And I'm wearing a dress.
Arden Chatfield · 12 December 2005
BWE · 12 December 2005
Answer me this:
WHy does this whole topic matter?
I am not saying that you are all crazy, (well,) I think it is important but I just asked myself, WHat is wrong with just having us all believe that god created the earth and the church gives us the only authority among us on earth and that we will be judged according to our actions and if we were people who fit the bell curve Just right (maybe the bottom 10th percentile) we would go to heaven?
My theory is that we have evolved almost enough intelligence to understand something of real cosmic import. Maybe this close (holds thumb and forefinger together with just a sliver of light shining between) to getting the cosmic joke or tragedy or nirvana or whatever but we're not quite there. Maybe at IQ of 250 or so and we are there. So, the ones who are farther left on that bell curve have a harder time seeing it than those who are farther to the right but even the most brilliant among us isn't quite there but they see glimpses of it. Those who really can't get even a glimpse only know that it is there because they have been told. My dog, for example, doesn't care about god as far as I can tell. I don't think she cares about most abstract things.
The other side would be that we know the answer implicitly but our intelligence gets in the way so the farther to the right we are the farther away from understanding we go.
I think it matters because the ones to the right of that scale (and you know that there isn't a quality of life difference on the scale so all you 140ers can wipe that smug smile off your faces:) feel like they are almost there, they can taste it, hear it and sometimes smell it but they can't quite grasp it and they feel like the others are creating the noise that is hindering their efforts.
What do you think? I am perfectly willing to accept that I have gone over the deep end and I should relegate myself to lurker status. Or even shut down this stupid computer and go fishing.
steve · 12 December 2005
Aureola Nominee, FCD · 12 December 2005
Gerard Harbison · 12 December 2005
David Heddle wrote: I stay off PZ threads because who wants to be disemvowelled?
BWHHHHHH!
Tht wld b hrrbl!
shenda · 12 December 2005
BWE:
"What do you think? I am perfectly willing to accept that I have gone over the deep end and I should relegate myself to lurker status. Or even shut down this stupid computer and go fishing."
Yes, you have definitely gone off the deep end --- that is what happens when you post here when you could be fishing! Sheeesh, get you priorities straight!

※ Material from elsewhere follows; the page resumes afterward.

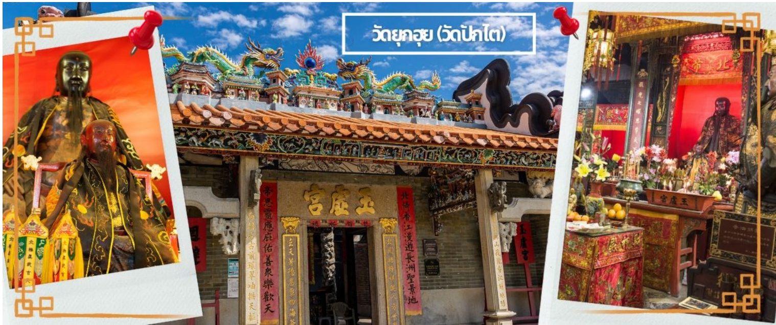
วัดยกวย (วัดปักไต่)

จากนั้นนำท่านเดินทางสู่ วัดปักไต่ เป็นสถานศักดิ์สิทธิ์ที่มีประวัติมายาวนาน 160 ปี ในเขต WAN CHAI เป็นวัดที่บูชาเทพเจ้าแห่งท้องทะเลในลัทธิเต๋า และชาวฮ่องกงเชื่อกันว่าผู้ใดที่เกิดปีชง หากมาทำการแก้ดวงชะตาแก้ชงประจำปีที่วัดนี้ จะทำให้ร้ายกลายเป็นดีได้ และที่วัดยังมี “เทพเจ้าเปลี่ยนใจ” ที่นิยมมาขอพรให้เรื่องที่ไม่ดีกลายเป็นเรื่องดี หรือคนที่เป็นศัตรูของเราเปลี่ยนใจมาเป็นมิตร จึงเป็นที่นิยมอย่างมากของชาวท้องถิ่น

D. Glenn Arthur Jr. · 12 December 2005
Ah, so the teaching of evolution leads to crossdressing ... I wonder who the time-travelling professors were who taught evolution to such notorious public figures as Lord Cornbury (a century before Darwin's birth) and Le chevalier d'Eon (who died when Darwin was a few years old).

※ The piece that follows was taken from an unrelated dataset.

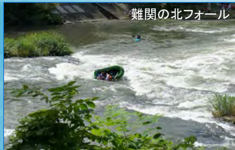
難関の北フォール

And who knew Joan of Arc had such a modern education?
I am amused to a degree beyond what this deserves. Never realized just how modern I was.
BWE · 12 December 2005
you're right of course. Thank you. Please read my blog now and then. Bye.
Steve Reuland · 12 December 2005
shenda · 12 December 2005
Ooops! That should be "your" priorities. (sum times me ferget ho wtoo poof reed :( )
Tice with a J · 12 December 2005
The Ghost of Paley · 12 December 2005
'Rev Dr' Lenny Flank · 12 December 2005
"Help! Help! I'm being censored!!!!", Rev Heddle screamed to the whole world.
(shrug)
Dean Morrison · 12 December 2005
Okay Ghost of Paley - you 'contest' the other crimes. I gave you a research paper:
http://moses.creighton.edu/JRS/2005/2005-11.html
which clearly shows that:
The United States has high levels of crime, low life expectancy, imprisonment, pregnancy in 15 -17 year olds, youth suicide, under-five mortality, gonnorhea and syphyllis infection; compared to all developed nations not just Europe.
There are significant correlations between the proportion of the population beleiving in god, in all these nations.
There are significant negative correlations between these social evils and understanding of science and evolution.
If you wish to 'contest' these other crimes would you like to back up this contention please.
It seems disgraceful to me that you obviously want to put all the blame for these social evils onto your ethnic minorities. Don't they count as Americans? do they worship the wrong god?
Dean Morrison · 12 December 2005
Norman Doering · 12 December 2005
I'd love to believe that article, but I wonder whether those statistics were cherry picked. Why Europe and America only?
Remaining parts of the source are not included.